Нынешняя тревога ничего общего не имела с той. Здесь Стеша была одна, будто подошла к смертельно опасному месту на своем пути, но еще не знала, что там за опасность.

«Дело… дело… Ах, это дело и этот долг!.. На сороковом году жизни Мария Сергеевна вдруг вплотную, во весь рост встретилась с двумя этими вещами, – поняла Стеша. – Но она всегда жила в деле и долге. А я только прикоснулась к чужому огромному делу и долгу – и голова кружится… Но я-то… Разве я… А сыновья, а мой Курашев… Это не долг и не дело?! Боже мой, как все же далеко еще ехать».

Но мысль о муже и о детях, о доме теперь уже настоящем – в котором были и аэродром с его вечным гулом и ветром, тянущим над бетонными плитами, и Жанка, – тоскующая о счастье и оттого такая рисковая, – не человек, а дорогой нож – и отдать невозможно, и носить опасно; и город с причалами, и траулер, притопавший через океан к этим берегам, с вахтенным, который дарит твоему сыну еще не заснувшего краба, – эта мысль уже сработала, и горячая волна нежности, любви и преданности им всем заполнила ее, и тревога, неожиданная, как приступ тошноты, ослабла, отступила, затерялась на самом дне души.

Стеша знала себя: теперь тревога эта уже не уйдет. Теперь, раз уже она возникла – она вернется. Но это не сейчас… Потом.

Курашев заснул, видимо, долго ожидая ее или думая о чем-то: он лежал на неразобранной постели в брюках и военной рубахе. Словно маленького, испытывая к мужу материнское и женское, она заставила его раздеться, помогая стягивать рубаху через голову. Потом легла сама.

Уснула она сразу. Было, наверно, часа три ночи.

А проснулась, неизвестно отчего, на рассвете. Курашев, почему-то уже одетый, стоял перед окном, вполоборота к ней и смотрел прямо перед собой.

– Ты что? – не сразу спросила Стеша.

И Курашев ответил не сразу. Он долго молчал. А потом он сказал негромко:

– Как только вернемся – поедем в город, обязательно. Это безобразие: шесть лет живем там, а были в городе один раз. Помнишь? В ресторане, Кузина на материк провожали?.. «Волна», кажется?

– Нет, – тихо ответила Стеша. – Он называется – «Океан».

– Да… да! – радостно кивнул он. – «Океан». Вот видишь, даже название забыл!

Они оба замолчали.

И оба они подумали, что это хорошо, что сегодня все кончится и можно вернуться домой. Собственно, и орден, и предстоящее торжество второстепенно и теперь уже не так и важно. А важно совсем другое – домой.

Физически ощутимая тоска по родным просторам, по не виденному еще ими обоими океану, по самолетам, прижавшим к бетону стремительные тела, пришла к ним. И ему и ей показалось на мгновенье, что без них эти самолеты так и не взлетят. Стеша поняла, что он подумал так, когда он сказал, усмехаясь:

– А новенький, ну, капитан этот – летает…
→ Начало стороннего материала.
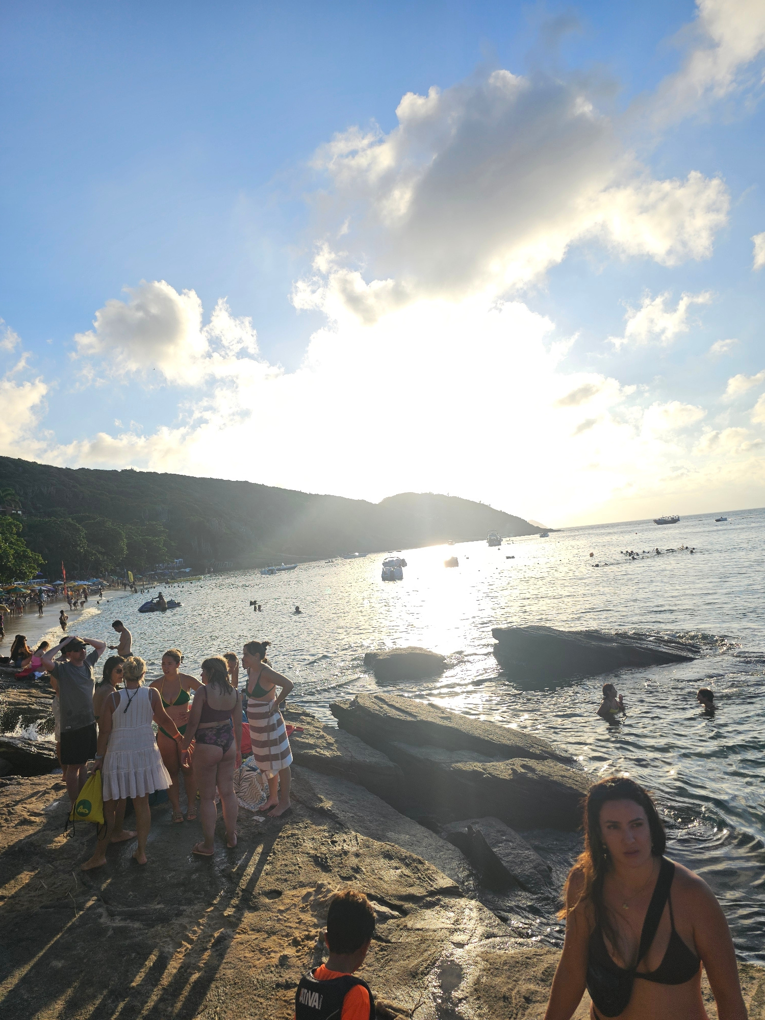 A slightly tilted image captures a sunny beach scene in Armação dos Búzios, Brazil. In the upper right corner, a woman in a dark bikini looks towards the camera from atop rocky terrain. To her left, t…read more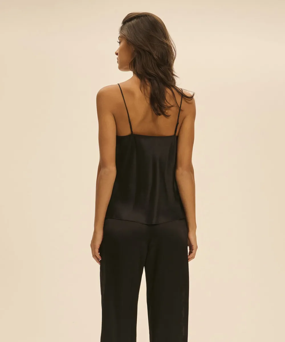 Yndig camisole fra Simone Pérèle med flatterende V-hals udskæring. Camisolen er lavet i 100% vævet silkesatin. Silke er temperatur-regulerende, hvilket betyder at silke varmer på kolde dage og køler på varme dage. Så du kan med fordel købe nattøj eller homewear i naturlig silke, da du kan iføre dig det året rundt. Materiale: 100% silke.
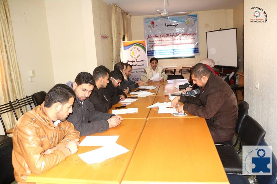 نفذت جمعية بنيان من غزة بالشراكة مع جمعية نساء عربيات من اجل القدس في مدينة القدس بمداخلات عبر المشاركة من خلال برنامج سكايب بورشة عمل لمناقشة الورقة البحثية وذلك بالتعاون مع التجمع الصحفي الفلسطيني لحقوق الانسان وذلك يوم الاحد الموافق 30/12/2018 م وتأتي هذا الورشة ضمن انشطة مبادرة ” نحو البوصلة الحقيقة للأعلام الفلسطيني ” التي تنفذها الجمعية مع مؤسسة بال ثينك للدراسات الاستراتيجية ضمن انشطة مشروع “تعزيز التعاون بين منظمات المجتمع المحلي الفلسطينية من اجل تقوية الدولة الفلسطينية المستقبلية “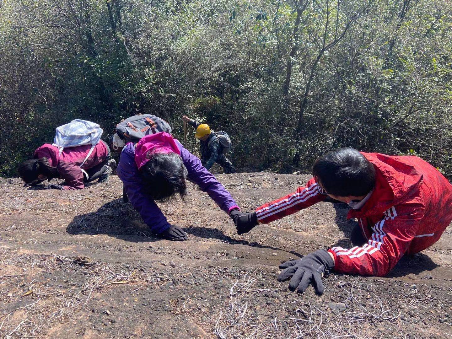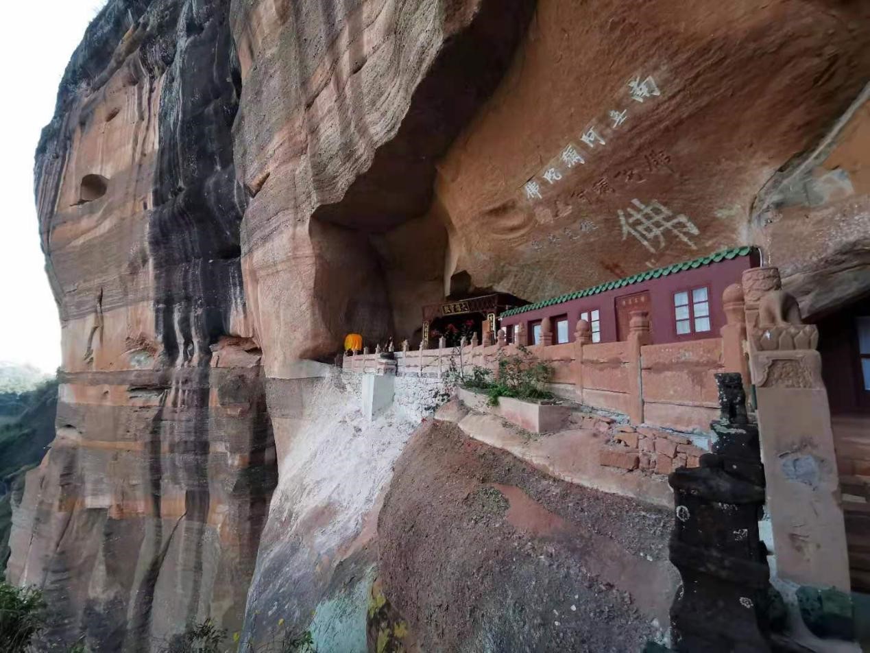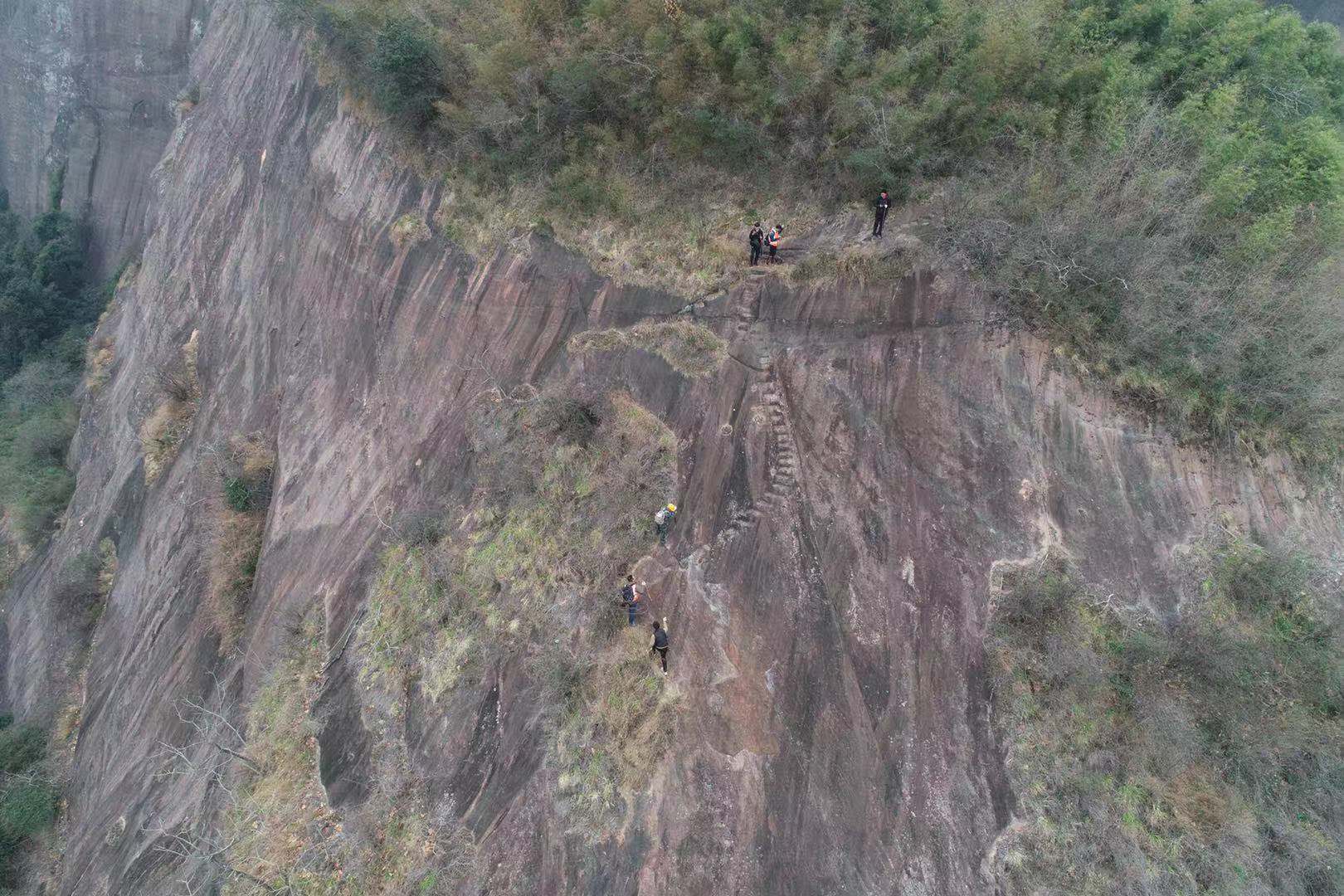 广东许多石窟寺,如仁化县丹霞山风景名胜区内的锦石岩寺、西竺岩寺、燕岩禅寺等,均开凿在典型的丹霞地貌红砂岩山体之中,山势险峻、人迹罕至,要靠镰刀披荆斩棘开出道路,许多地点需要借助绳索、梯子才能到达。对调查队员们来说是对体力和意志力的双重考验。前往部分山高路远的调查点时,调查队员们即使清晨出发、兼程赶路,仍然难以在天黑前返程,只能小心翼翼、亦步亦趋地摸黑下山。

– Он еще чужой… – сказала Стешка.

– Это ненадолго, – ответил Курашев.

– Да, если ты и Поплавский отдадите ему часть своего…

Он помолчал и сказал неожиданно серьезно и строго:

– Хочу летать, Стешка. Пора домой.

В десять утра пришел Поплавский. Нужно было идти в штаб округа. Ничто в облике полковника не было необычным: так же подтянут и удобно одет, безукоризненна фуражка и сапоги. И лицо – обычно строгое, и глаза, как всегда цепкие, словно он наблюдает, отмечая про себя все, что видит. Но Стеше показалось, что и он трудно провел ночь, словно решаясь на что-то очень важное, и теперь решился. И ничто этой его решимости не изменит.

На улице Курашев предложил:

– Возьмем машину?

– Нет, – сухо ответил Поплавский. – Здесь недалеко.

* * *

Через несколько дней после перикардэктомии Меньшенин позвонил Марии Сергеевне.

– Вы нынче дежурите, – сказал он, когда она сняла трубку. – Я специально звоню вам.

– Здравствуйте, профессор, – с теплым укором ответила она. – Действительно, я сегодня дежурю. Достался вот ботталов проток. Девочка из отдаленного леспромхоза, случай запущенный…

– Простите, здравствуйте, – виновато сказал Меньшенин. – Я звоню из госпиталя. И потом – я плохо знаю город, но, кажется, госпиталь рядом с вашей клиникой? – Тоном своего голоса он просился к ней. И это было так просто и хорошо по-человечески, что Мария Сергеевна, подавляя волнение, сказала:

– Я очень рада, Игнат Михайлович. Только найдете ли вы дорогу?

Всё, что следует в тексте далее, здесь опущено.